> **ACTION ITEM**:
Please copy exactly the part of the records below that opens with the line containing "And here is" and closes with the line containing "Schnuffeltuch mit Knister-Schmetterling", leaving out any pictures.
DATA TO USE: Begin
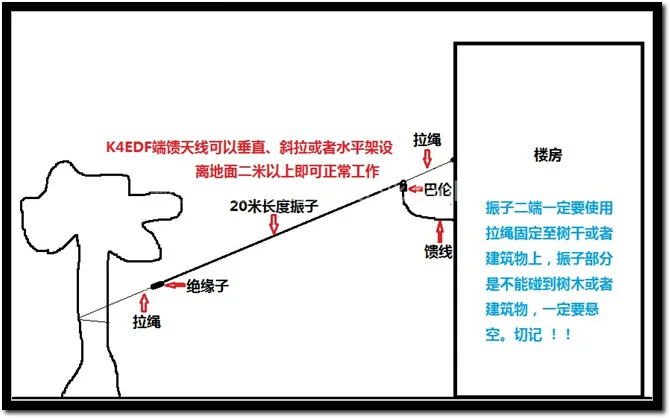 7 МГц 14 МГц 21 МГц 28 МГц четыре диапазона, стоячая волна меньше, чем 1,5, выдерживают мощность 100WPEP, балун пропуск частиц меньше, чем 1.5DB, принимает вибратор 2,5 квадратных миллиметров, чистая медь многожильный провод (с защитой от УФ лучей используется для долгосрочной перспективе наружного монтажа в любую погоду), Антенна Длина составляет около 20 метров.
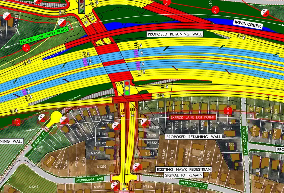 And here is how the new express toll lanes would encroach on the neighborhood:
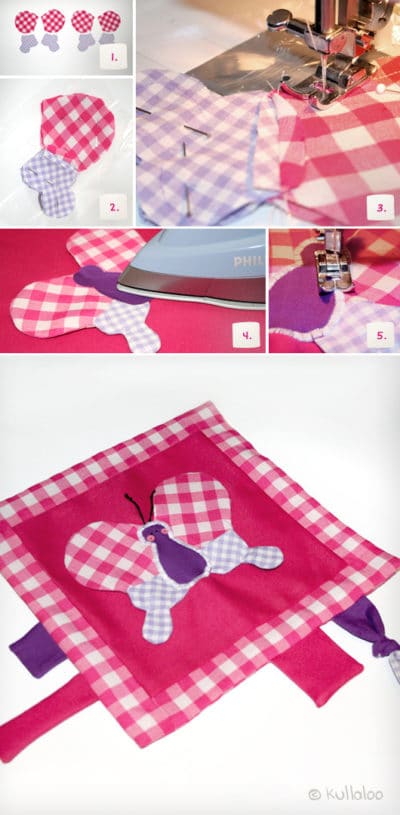 Schnuffeltuch mit Knister-Schmetterling heiDIY in Geschenkideen, Handgemachtes für Kinder, Nähen merken
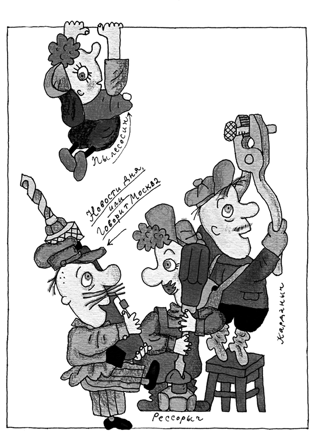 Вот распахнулось окно в часах, и кукушка Машка старательно прокуковала полночь. И тотчас в холодильнике, в часах и в радиоприёмнике раскрылись двери, и на пол стали спускаться гарантийные человечки. В руках они держали фонарики.
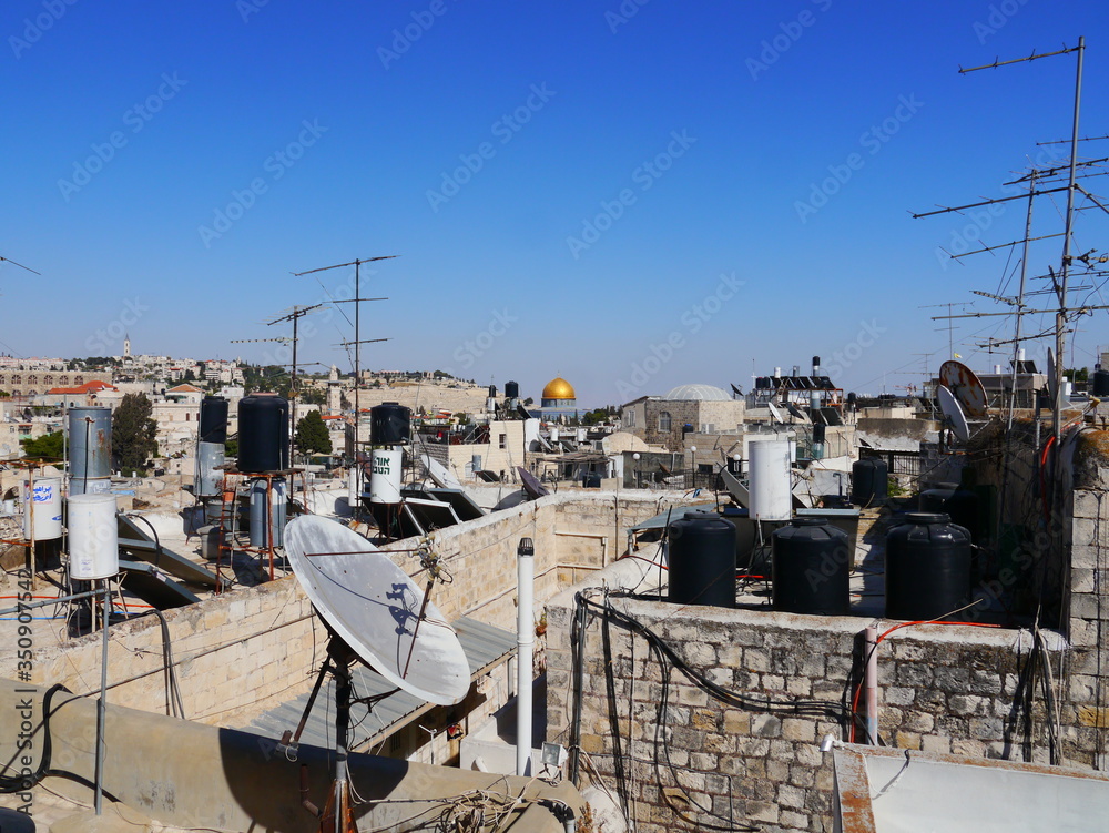 panoramic view over the roof tops in the old town of Jerusalem on a sunny day to Al-Aqsa Mosque, Israel, Near East
DATA TO USE: End
> **FINAL ANSWER**:
 And here is how the new express toll lanes would encroach on the neighborhood:
 Schnuffeltuch mit Knister-Schmetterling heiDIY in Geschenkideen, Handgemachtes für Kinder, Nähen merken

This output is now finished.